MARGOT ET L’IMPORTANT par Guillaume P. Jacquet

Quel est le poids du nom d’un auteur célèbre? Jusqu’où peut aller l’intention de démolir l’image d’un auteur dont la naissance et la construction ont été les processus difficiles d’une vie entière ? L’œuvre n’a-t-elle pas la même valeur si on change de signature ? Dans quelle mesure l’œuvre de Duras est-elle connue de ses lecteurs et surtout de ses éditeurs ? Publie-t-on le nom ou l’œuvre d’un auteur ? Voici quelques questions que suscite la supercherie éditoriale dont Duras est l’objet en 1992. Ce n’est pas tout à fait une parodie, quoique le geste rappelle l’initiative rambaldienne à l’égard de Duras, ce n’est pas un plagiat non plus, même pas un pastiche.

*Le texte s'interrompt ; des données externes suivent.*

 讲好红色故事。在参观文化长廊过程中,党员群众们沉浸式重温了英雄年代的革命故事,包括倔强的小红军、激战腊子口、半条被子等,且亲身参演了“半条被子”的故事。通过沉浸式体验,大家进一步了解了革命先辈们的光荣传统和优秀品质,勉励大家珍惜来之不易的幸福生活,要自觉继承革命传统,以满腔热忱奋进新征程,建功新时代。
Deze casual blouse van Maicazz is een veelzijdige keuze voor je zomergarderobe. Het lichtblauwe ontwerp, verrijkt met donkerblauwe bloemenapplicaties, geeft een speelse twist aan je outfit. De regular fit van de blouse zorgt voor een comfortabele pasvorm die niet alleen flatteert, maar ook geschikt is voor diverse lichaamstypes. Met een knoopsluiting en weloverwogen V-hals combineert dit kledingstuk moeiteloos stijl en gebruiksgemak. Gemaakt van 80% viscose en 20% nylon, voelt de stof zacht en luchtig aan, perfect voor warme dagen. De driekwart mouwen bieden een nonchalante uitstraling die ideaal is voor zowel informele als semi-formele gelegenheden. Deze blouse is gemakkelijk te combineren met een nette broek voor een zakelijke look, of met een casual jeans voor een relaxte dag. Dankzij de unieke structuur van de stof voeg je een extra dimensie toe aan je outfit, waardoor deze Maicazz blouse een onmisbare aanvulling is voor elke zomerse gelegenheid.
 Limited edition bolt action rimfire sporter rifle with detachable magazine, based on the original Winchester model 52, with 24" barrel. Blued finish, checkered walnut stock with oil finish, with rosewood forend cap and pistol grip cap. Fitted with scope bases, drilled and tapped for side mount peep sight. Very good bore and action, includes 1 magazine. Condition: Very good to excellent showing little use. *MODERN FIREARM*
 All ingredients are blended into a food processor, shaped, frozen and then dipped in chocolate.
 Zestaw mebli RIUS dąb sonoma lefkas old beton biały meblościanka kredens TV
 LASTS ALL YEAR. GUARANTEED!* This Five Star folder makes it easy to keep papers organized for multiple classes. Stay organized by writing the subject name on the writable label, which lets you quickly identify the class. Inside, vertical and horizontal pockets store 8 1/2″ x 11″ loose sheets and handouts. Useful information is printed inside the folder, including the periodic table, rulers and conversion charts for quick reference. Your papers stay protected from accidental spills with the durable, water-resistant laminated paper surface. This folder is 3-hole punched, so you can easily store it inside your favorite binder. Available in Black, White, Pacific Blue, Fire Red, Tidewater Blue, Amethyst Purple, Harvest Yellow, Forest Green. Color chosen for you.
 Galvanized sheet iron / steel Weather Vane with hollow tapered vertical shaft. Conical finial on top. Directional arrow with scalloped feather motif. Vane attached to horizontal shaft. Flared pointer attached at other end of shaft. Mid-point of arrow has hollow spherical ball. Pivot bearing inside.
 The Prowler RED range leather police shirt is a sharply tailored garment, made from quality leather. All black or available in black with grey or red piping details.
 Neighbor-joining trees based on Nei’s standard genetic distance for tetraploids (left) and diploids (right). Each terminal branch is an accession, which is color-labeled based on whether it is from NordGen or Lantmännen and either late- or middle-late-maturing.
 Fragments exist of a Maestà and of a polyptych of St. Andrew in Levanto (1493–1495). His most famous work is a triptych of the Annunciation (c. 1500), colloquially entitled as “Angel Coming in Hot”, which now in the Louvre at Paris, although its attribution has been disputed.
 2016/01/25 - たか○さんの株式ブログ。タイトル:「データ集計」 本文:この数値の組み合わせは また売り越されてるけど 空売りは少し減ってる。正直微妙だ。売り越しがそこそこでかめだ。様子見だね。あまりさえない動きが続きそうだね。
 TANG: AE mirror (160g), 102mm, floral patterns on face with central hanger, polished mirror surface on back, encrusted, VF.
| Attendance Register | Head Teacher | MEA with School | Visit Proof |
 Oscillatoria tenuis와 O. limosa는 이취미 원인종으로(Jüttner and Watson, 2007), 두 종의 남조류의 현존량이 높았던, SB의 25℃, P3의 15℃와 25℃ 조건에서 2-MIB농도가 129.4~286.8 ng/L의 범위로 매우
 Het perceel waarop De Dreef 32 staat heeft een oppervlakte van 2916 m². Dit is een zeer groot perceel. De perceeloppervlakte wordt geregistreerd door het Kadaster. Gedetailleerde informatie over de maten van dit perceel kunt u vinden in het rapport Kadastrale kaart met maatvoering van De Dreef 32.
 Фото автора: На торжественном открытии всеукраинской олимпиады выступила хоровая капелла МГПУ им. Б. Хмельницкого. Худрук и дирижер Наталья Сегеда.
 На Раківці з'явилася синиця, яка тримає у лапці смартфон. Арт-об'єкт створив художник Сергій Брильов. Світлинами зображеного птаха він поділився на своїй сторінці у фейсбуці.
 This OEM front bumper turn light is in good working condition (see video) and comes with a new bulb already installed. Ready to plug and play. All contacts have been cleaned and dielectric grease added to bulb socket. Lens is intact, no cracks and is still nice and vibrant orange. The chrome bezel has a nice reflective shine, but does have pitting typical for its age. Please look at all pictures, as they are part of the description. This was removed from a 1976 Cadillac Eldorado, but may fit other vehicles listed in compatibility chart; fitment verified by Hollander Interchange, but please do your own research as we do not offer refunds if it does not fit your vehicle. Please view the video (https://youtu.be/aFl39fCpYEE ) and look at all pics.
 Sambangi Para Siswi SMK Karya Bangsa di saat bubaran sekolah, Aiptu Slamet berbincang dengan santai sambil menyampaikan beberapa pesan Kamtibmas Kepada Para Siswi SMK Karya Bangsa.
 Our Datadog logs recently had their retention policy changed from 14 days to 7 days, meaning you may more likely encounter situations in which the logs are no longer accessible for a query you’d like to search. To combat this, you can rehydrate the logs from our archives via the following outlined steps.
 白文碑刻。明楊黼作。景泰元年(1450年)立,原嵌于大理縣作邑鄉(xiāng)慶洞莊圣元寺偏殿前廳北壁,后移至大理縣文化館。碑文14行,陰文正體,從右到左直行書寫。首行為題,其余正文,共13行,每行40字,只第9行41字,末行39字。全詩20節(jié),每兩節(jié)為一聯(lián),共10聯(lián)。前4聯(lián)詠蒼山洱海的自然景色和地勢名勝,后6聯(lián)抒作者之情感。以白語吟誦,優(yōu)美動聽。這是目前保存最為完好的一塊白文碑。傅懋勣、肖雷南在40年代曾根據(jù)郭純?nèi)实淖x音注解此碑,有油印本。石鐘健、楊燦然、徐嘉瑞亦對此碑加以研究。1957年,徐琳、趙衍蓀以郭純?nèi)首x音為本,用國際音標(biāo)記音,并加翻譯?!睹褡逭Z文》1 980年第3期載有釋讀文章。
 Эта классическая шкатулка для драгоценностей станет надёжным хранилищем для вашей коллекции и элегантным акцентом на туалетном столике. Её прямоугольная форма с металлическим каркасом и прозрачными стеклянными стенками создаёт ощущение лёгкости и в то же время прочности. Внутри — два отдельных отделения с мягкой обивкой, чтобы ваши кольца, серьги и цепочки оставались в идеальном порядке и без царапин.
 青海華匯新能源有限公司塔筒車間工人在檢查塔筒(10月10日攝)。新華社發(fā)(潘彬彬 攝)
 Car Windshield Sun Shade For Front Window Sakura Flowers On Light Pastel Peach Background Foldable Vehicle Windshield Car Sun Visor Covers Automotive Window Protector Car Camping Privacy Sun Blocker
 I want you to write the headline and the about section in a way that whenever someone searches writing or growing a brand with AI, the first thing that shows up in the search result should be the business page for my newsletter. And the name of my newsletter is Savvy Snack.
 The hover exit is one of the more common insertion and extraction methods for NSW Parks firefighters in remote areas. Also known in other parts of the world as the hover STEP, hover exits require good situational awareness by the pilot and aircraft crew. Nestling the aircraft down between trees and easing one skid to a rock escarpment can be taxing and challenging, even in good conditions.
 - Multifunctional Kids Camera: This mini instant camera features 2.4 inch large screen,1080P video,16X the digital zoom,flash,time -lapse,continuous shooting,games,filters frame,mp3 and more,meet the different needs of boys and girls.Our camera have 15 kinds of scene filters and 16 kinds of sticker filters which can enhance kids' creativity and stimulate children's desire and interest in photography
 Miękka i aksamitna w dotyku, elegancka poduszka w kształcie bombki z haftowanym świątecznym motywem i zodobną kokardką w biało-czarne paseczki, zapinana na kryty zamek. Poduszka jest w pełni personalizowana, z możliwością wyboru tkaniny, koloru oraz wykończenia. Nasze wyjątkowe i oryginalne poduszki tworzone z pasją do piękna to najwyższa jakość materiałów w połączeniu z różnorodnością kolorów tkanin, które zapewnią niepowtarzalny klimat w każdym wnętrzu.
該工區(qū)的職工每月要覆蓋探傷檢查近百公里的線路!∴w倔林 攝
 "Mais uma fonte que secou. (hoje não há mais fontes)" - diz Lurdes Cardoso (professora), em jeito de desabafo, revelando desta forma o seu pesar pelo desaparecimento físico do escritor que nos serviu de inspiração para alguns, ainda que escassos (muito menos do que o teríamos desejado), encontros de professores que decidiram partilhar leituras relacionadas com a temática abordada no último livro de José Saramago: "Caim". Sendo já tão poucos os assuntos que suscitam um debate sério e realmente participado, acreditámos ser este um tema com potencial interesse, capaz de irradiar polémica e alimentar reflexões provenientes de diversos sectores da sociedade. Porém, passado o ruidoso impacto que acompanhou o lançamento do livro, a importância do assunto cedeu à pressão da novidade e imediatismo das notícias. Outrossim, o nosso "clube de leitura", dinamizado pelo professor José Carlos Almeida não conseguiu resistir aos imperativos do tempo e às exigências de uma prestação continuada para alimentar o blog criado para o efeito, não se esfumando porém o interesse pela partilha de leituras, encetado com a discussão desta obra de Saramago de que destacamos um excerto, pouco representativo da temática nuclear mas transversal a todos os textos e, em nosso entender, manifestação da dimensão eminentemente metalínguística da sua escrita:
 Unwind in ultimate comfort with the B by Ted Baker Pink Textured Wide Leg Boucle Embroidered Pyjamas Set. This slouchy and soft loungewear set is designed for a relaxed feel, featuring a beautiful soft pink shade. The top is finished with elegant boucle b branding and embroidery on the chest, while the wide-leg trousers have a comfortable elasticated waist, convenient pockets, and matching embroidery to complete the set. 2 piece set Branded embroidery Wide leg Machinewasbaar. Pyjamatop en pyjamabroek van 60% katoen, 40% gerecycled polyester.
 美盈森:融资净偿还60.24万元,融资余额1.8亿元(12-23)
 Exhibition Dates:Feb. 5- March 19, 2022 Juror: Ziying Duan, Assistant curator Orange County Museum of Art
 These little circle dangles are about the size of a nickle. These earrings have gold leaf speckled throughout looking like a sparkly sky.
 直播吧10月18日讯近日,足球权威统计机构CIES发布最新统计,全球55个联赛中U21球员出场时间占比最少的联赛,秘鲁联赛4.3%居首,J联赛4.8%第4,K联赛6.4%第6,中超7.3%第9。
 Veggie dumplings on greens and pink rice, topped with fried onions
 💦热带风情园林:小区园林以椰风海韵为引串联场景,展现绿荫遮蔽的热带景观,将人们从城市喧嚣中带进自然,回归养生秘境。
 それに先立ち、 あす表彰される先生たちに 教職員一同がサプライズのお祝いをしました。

Et pourtant, c’est une forme plaisante de réception d’un écrivain, qui peut tourner en éreintement si elle est perçue comme un essai de détruire la réputation de Duras. Toutefois, l’auteur de ce geste critique dit n’avoir eu aucune intention de mettre en cause l’œuvre durassienne et encore moins d’en profiter, comme l’on peut croire, pour régler un compte politique. 1794 C’est la relativité du jugement littéraire des années 90 qui est mise en question dont l’ « esprit déserte trop aujourd’hui la vie littéraire », comme l’on peut lire dans Le Figaro. En effet, que s’est-il passé ?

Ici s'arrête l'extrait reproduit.